Exercise brief. Leave out any picture and return the remaining listing below exactly as given.

Given records.
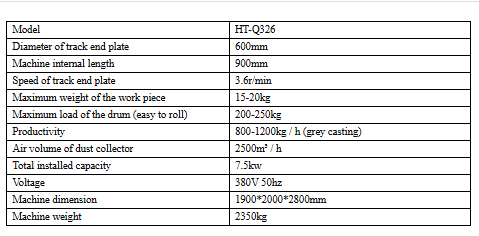The shot blasting machine operates on a power of 7.5 kW and requires a voltage of 220V/60HZ.
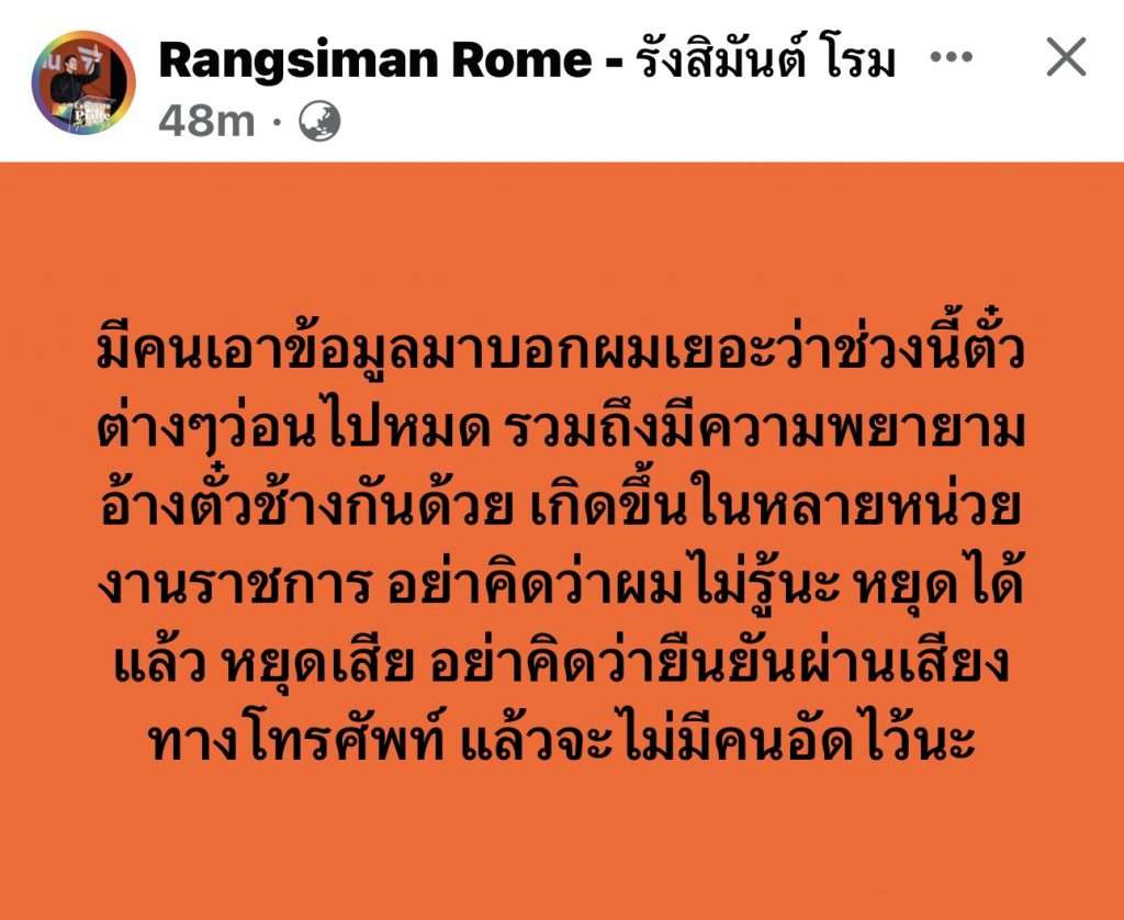 ด้าน นาย รังสิมันต์ โรม สส.จากพรรคก้าวไกลและโฆษกพรรคฯ ไพสต์ข้อความผ่านเฟสบุคมีใจความระบุว่า “มีคนเอาข้อมูลมาบอกผมเยอะว่าช่วงนี้ตั๋วต่างๆว่อนไปหมด รวมถึงมีความพยายามอ้างตั๋วช้างกันด้วย เกิดขึ้นในหลายหน่วยงานราชการ อย่าคิดว่าผมไม่รู้นะ หยุดได้แล้ว หยุดเสีย อย่าคิดว่ายืนยันผ่านเสียง ทางโทรศัพท์ แล้วจะไม่มีคนอัดไว้นะ” ข้อความFBดังกล่าวระบุ
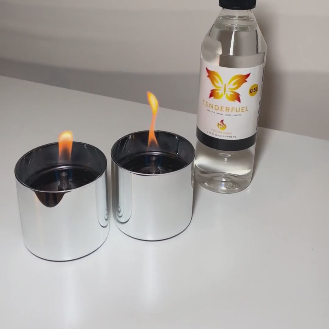 Um dies zu erreichen, haben wir den patentierten Edelstahldocht und unser Tenderfuel erfunden, die im Gegensatz zu Bioethanol zu 100 % sicher in der Anwendung sind.
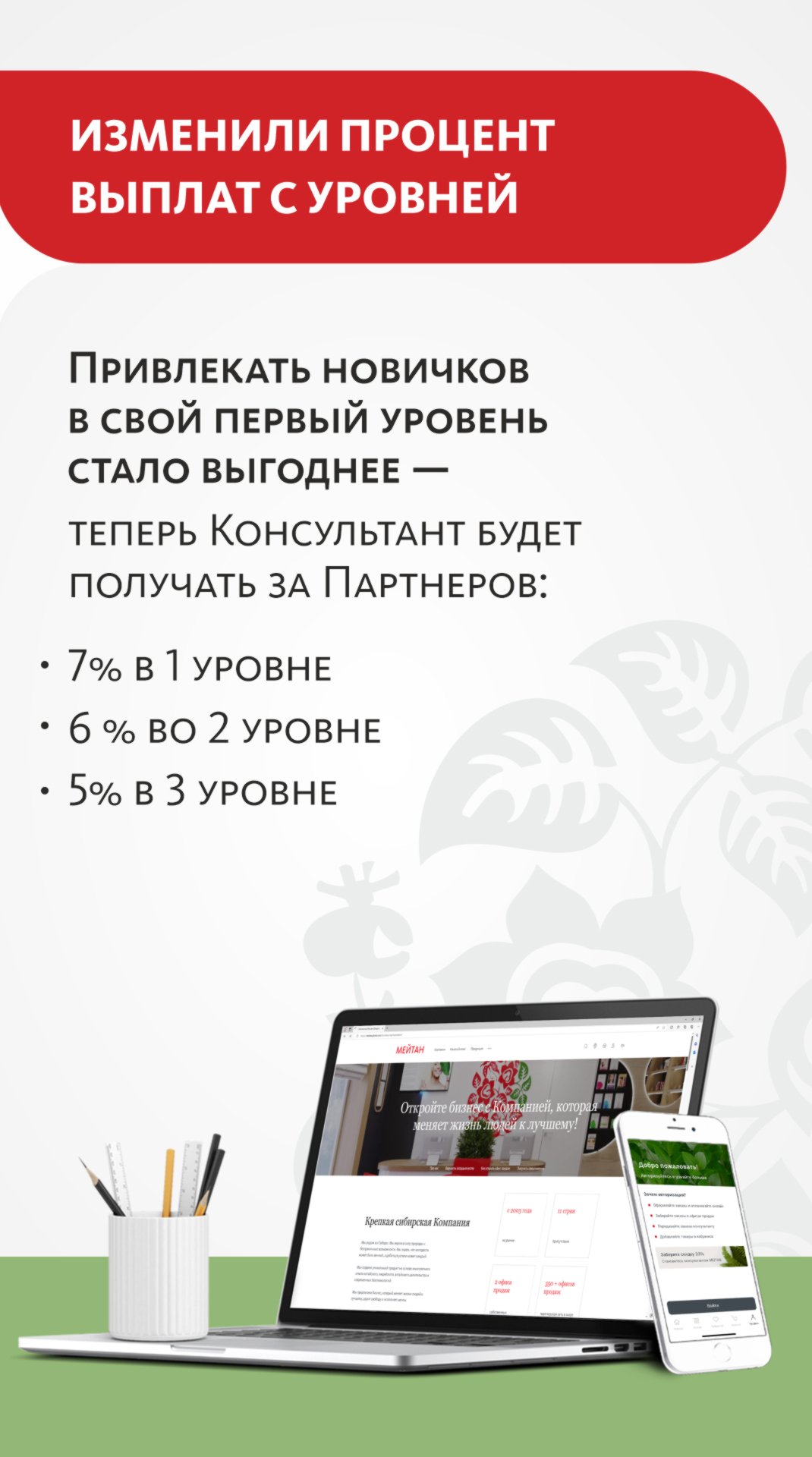 Одно из обсуждаемых и ожидаемых событий в Компании этой весной – изменение в ценообразовании МейТан. Кроме этого, с 1 марта в Компании действует обновленный Маркетинг-План с новыми программами лояльности.
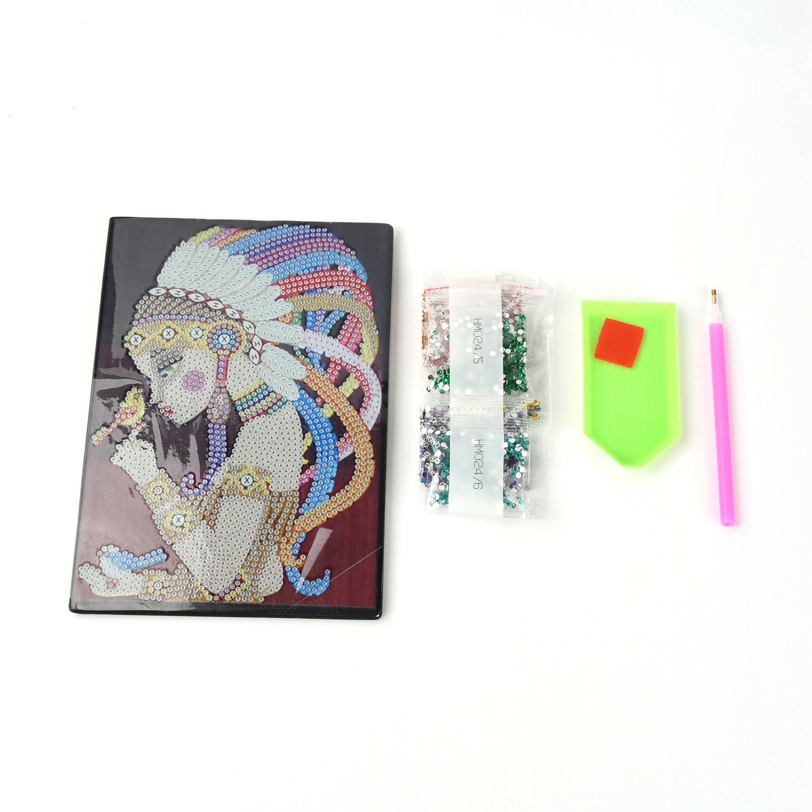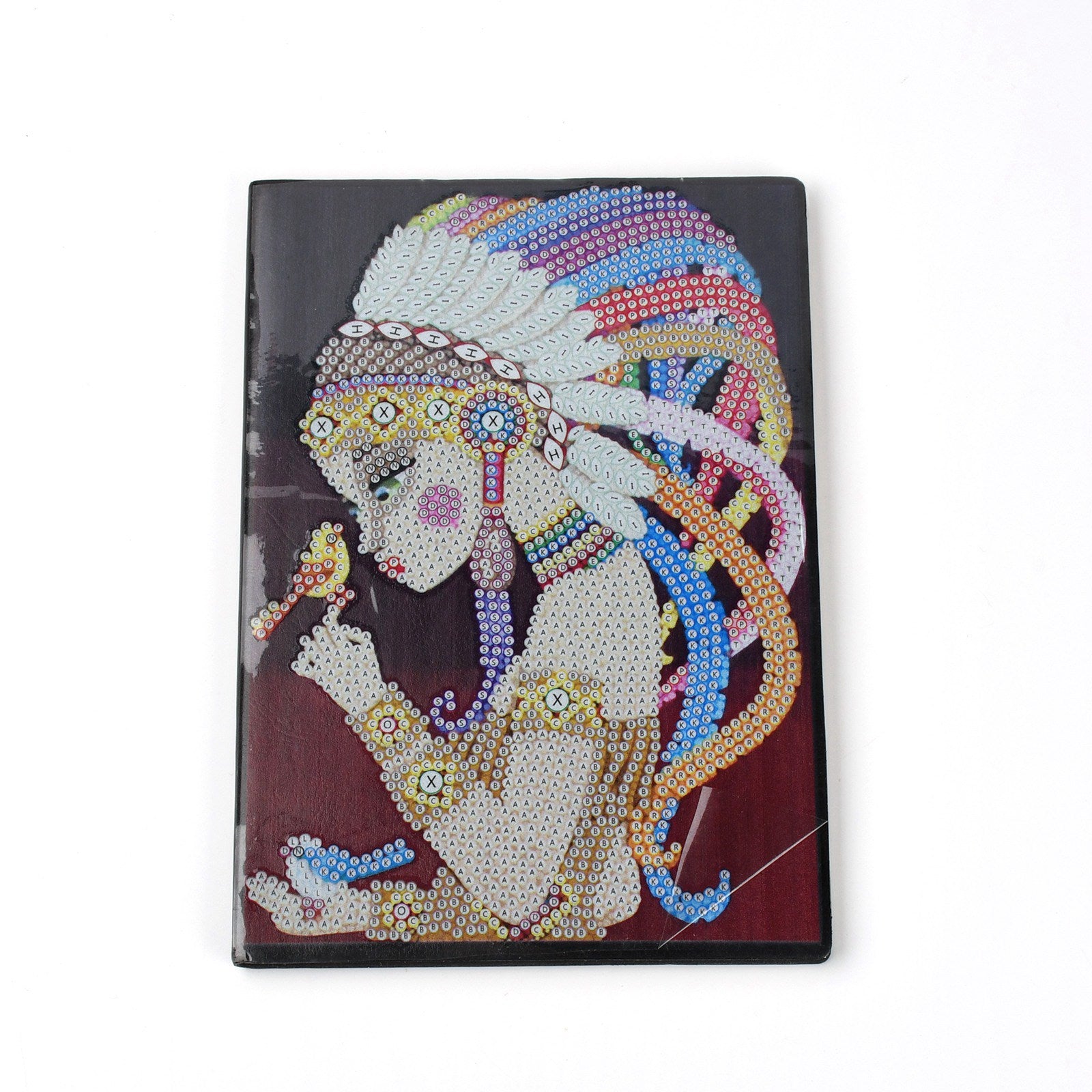 Rectangle DIY Women Pattern Diamond Painting Imitation Leather NoteBook, with Resin Beads, Diamond Sticky Pen, Tray Plate and Glue Clay, Mixed Color
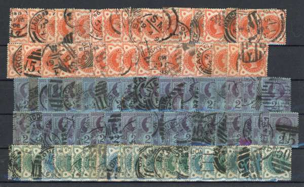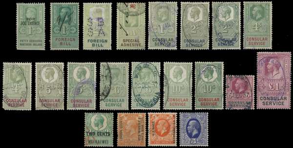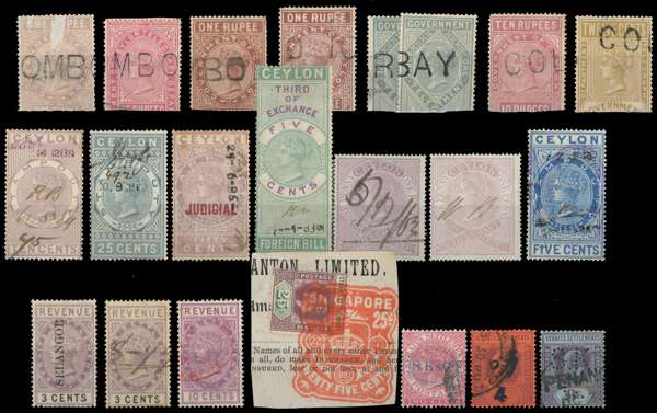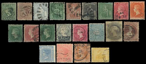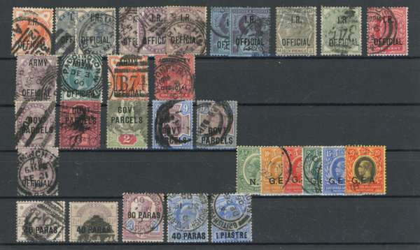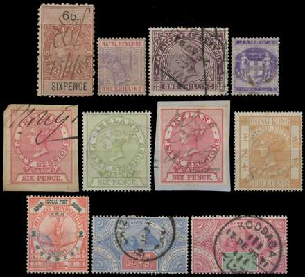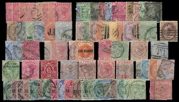 QV-KGVI mint and used selection on stockcards with strength in varieties, including Bahamas 1920 1d carmine wmk sideways reversed (SG 107x, Cat: £375), Barbados 1947 1d on 2d carmine with Broken ‘E’ variety, Fiji 1938-55 ½d with extra palm frond variety, Great Britain departmental officials (not guaranteed) Hong Kong 1946 30c with Extra Stroke variety, Zanzibar 1908-09 1r yellow-green with wmk sideways, and an array of revenues. Mixed condition with fine. (Hundreds).

Solved problem.
The shot blasting machine operates on a power of 7.5 kW and requires a voltage of 220V/60HZ.
 ด้าน นาย รังสิมันต์ โรม สส.จากพรรคก้าวไกลและโฆษกพรรคฯ ไพสต์ข้อความผ่านเฟสบุคมีใจความระบุว่า “มีคนเอาข้อมูลมาบอกผมเยอะว่าช่วงนี้ตั๋วต่างๆว่อนไปหมด รวมถึงมีความพยายามอ้างตั๋วช้างกันด้วย เกิดขึ้นในหลายหน่วยงานราชการ อย่าคิดว่าผมไม่รู้นะ หยุดได้แล้ว หยุดเสีย อย่าคิดว่ายืนยันผ่านเสียง ทางโทรศัพท์ แล้วจะไม่มีคนอัดไว้นะ” ข้อความFBดังกล่าวระบุ
 Um dies zu erreichen, haben wir den patentierten Edelstahldocht und unser Tenderfuel erfunden, die im Gegensatz zu Bioethanol zu 100 % sicher in der Anwendung sind.
 Одно из обсуждаемых и ожидаемых событий в Компании этой весной – изменение в ценообразовании МейТан. Кроме этого, с 1 марта в Компании действует обновленный Маркетинг-План с новыми программами лояльности.
 Rectangle DIY Women Pattern Diamond Painting Imitation Leather NoteBook, with Resin Beads, Diamond Sticky Pen, Tray Plate and Glue Clay, Mixed Color
 QV-KGVI mint and used selection on stockcards with strength in varieties, including Bahamas 1920 1d carmine wmk sideways reversed (SG 107x, Cat: £375), Barbados 1947 1d on 2d carmine with Broken ‘E’ variety, Fiji 1938-55 ½d with extra palm frond variety, Great Britain departmental officials (not guaranteed) Hong Kong 1946 30c with Extra Stroke variety, Zanzibar 1908-09 1r yellow-green with wmk sideways, and an array of revenues. Mixed condition with fine. (Hundreds).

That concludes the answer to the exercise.